The study found that the FFF group participant had a live-birth rate of 51%, which was 36.8% for the control group, among the participants who completed at least six months of the research or became pregnant during the first six months. Also, participants without any fertility treatment had a pregnancy rate of 33.3% in the treatment group, compared with 12.3% in the control group.

“Our study shows that the FFF program can significantly improve the pregnancy rate, especially the spontaneous pregnancy rate when no fertility treatments are required, as well as the live birth rate,” said Matea Belan.

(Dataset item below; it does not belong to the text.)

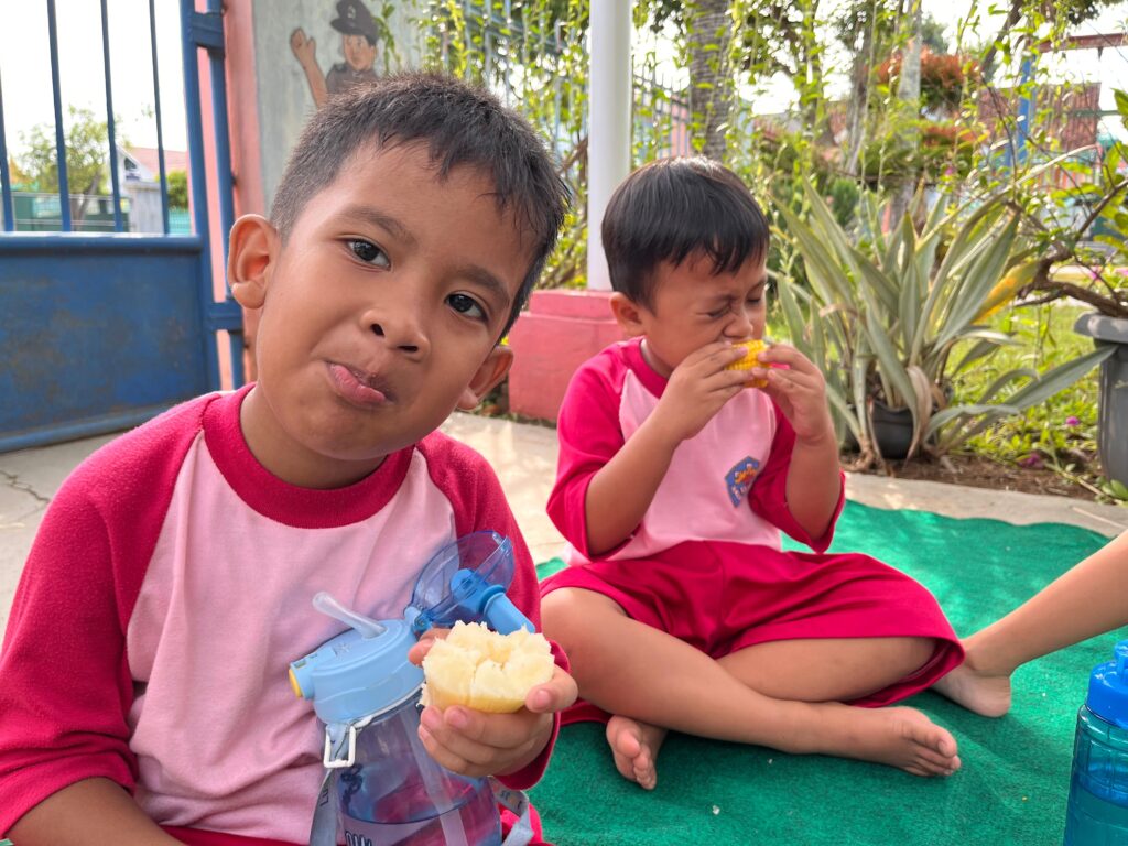 Anak-anak TK Xaverius Kotabumi dengan antusias membawa kudapan sederhana berupa rebusan seperti pisang rebus, ubi rebus, jagung rebus, atau singkong rebus. Selain itu, beberapa anak juga membawa jajanan pasar yang dibungkus dengan daun, seperti lemper, lemet dan arem-arem.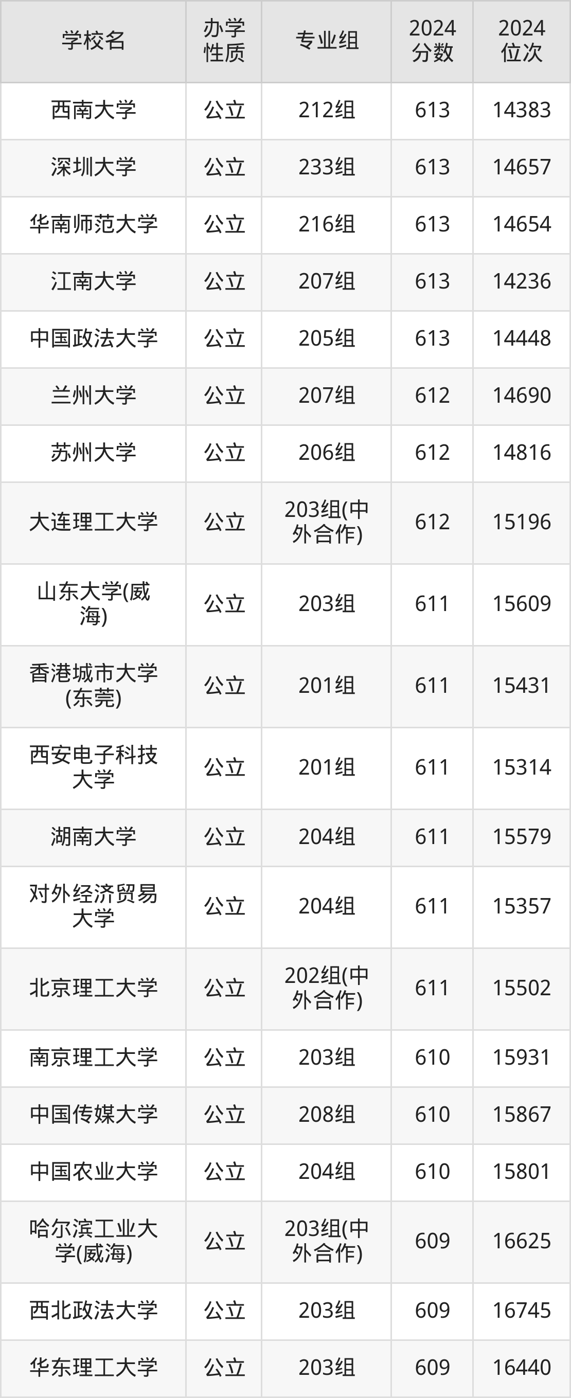 | 学校名 | 专业组 | 2024 分数 | 2024 位次 |

“We hope this research will give women with obesity and infertility affordable access to a tailored lifestyle intervention adapted to their condition and their specific needs in order to improve their chances of having a pregnancy and building a family” (Williams 2021).

Related Publications

Bond, R. T., A. Nachef, et al. (2020). “Obesity and Infertility: A Metabolic Assessment Strategy to Improve Pregnancy Rate.” J Reprod Infertil 21(1): 34-41.
Mena, G. P., G. I. Mielke, et al. (2020). “Do physical activity, sitting time and body mass index affect fertility over a 15-year period in women? Data from a large population-based cohort study.” Human Reproduction 35(3): 676-683.
Vitale, S. G., V. L. La Rosa, et al. (2017). “The Impact of Lifestyle, Diet, and Psychological Stress on Female Fertility.” Oman Med J 32(5): 443-444.
Wekker, V., M. D. A. Karsten, et al. (2018). “A lifestyle intervention improves sexual function of women with obesity and infertility: A 5 year follow-up of a RCT.” PLoS One 13(10): e0205934.
Williams, C. (2021). “Lifestyle program improves fertility for women with obesity, infertility.”